John Teller's thesis gets dragged out again here, first as Jax figures out that Gemma swiped the original, and then as Jax gives it to Tara as proof that she does have a place with the club, and that he does want change. But saying isn't the same as doing. When Tara's boss at the hospital wrongly assumes that Tara's busted nose came from Jax hitting her, it's obviously the boss just making snap assumptions based on the jacket Jax wears. And yet, Clay is halfway cross town shaking Zobelle down for protection money, and while Zobelle deserves some shaking, we're reminded that the Sons get protection money from most of the businesses in Charming. They're thugs, and while they seem like basically decent guys, that doesn't change the fact that a lot of the stuff they pull down isn't just good-natured, thumbing your nose at the law foolishness. If Jax wants to bring the club back into line with his dad's dreams, he's going to have to make some drastic choices, and there's no certainty anyone will stick around to see what happens next.

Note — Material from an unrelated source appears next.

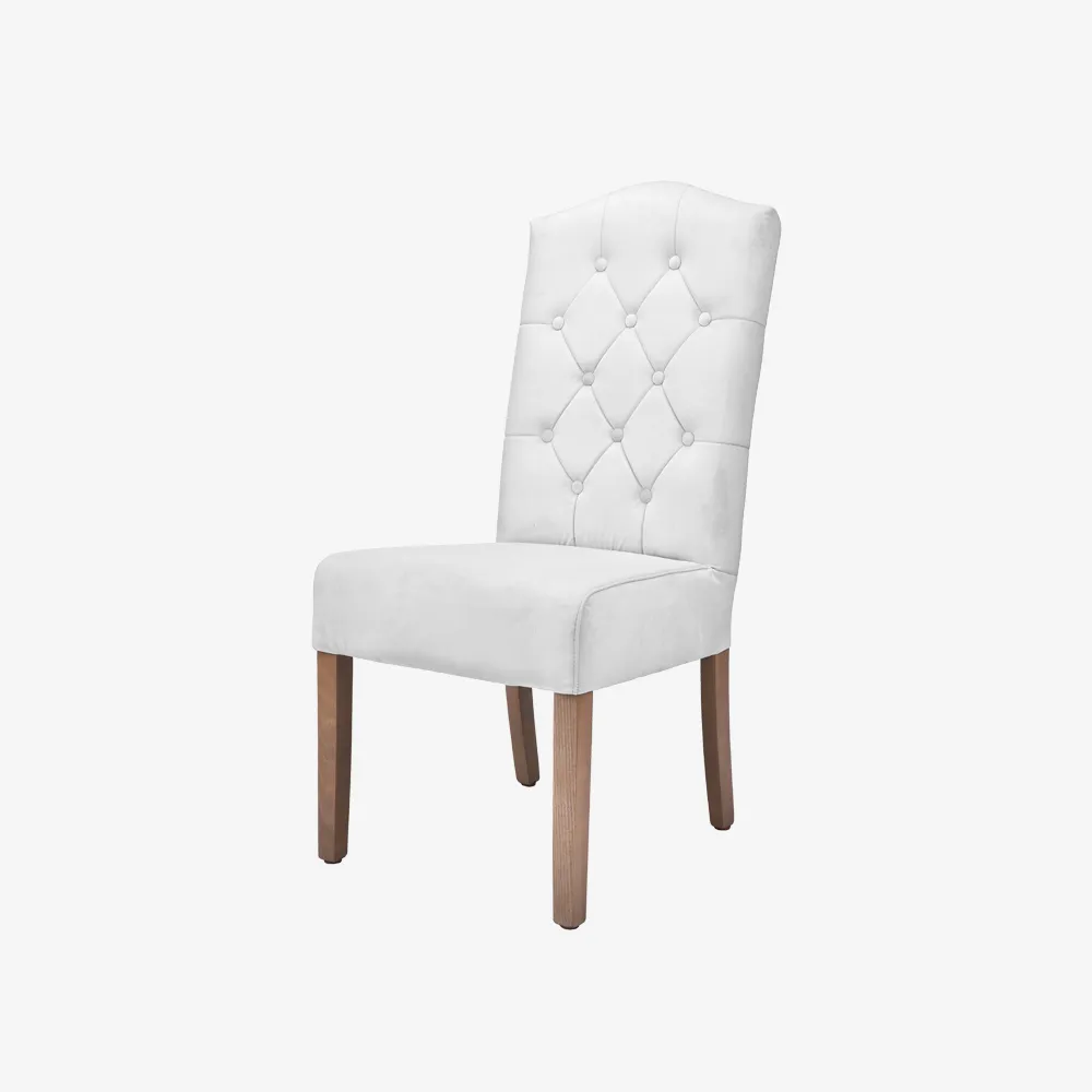 Tapacirana trpezarijska stolica elegantnog, klasično-luksuznog dizajna. Visok naslon je blago zaobljen na vrhu i bogato prošiven u kapitone (dugmad u dijamantskom rasporedu), što stolici daje barokni i sofisticiran izgled

There were some pleasant surprises tonight, thankfully. Jax and Tara having an honest conversation (half-honest, really, as Tara still hasn't told him what happened to Gemma) was one, and the other was Hale and Unser having a frank discussion that led to Hale finally stepping back from the White Power team-up he'd been contemplating. This was a relief, really. Like Unser says, Halle is supposed to be the good guy; while I can imagine him compromising himself a little, I don't buy that he'd be willing to get into bad with hate-mongers just to get rid of the Sons. This meant Jacob's land scheme petered out abruptly, but it also felt truer to the character.
"Smite" was generally all around excellent. The throw-down on Main Street between SAMCRO and Weston and his boys was appropriately chaotic, with Jax trying to keep the peace right up till the moment when Weston knocks his bike over. I'm curious as to what Zobelle's intentions were with the van-bomb; I doubt it was to seriously damage the club property (or personnel) wise, which means that this might've been just another goad to make the Sons act irrationally, and Jax's need for caution may be well-advised. Zobelle's end-game has yet to come clear. In the final moments before the van exploded, Clay looked heart-broken. He just wants everything to be fine, he tells Gemma, he just wants Jax back in his corner and SAMCRO to be whole again. I don't think he'll be thinking that clearly again for a while. I see a lot of swinging fists in the weeks ahead.
Grade: A-
Stray Observations:
-Every episode that passes without Gemma finally talking to somebody about the rape, I get a little more worried.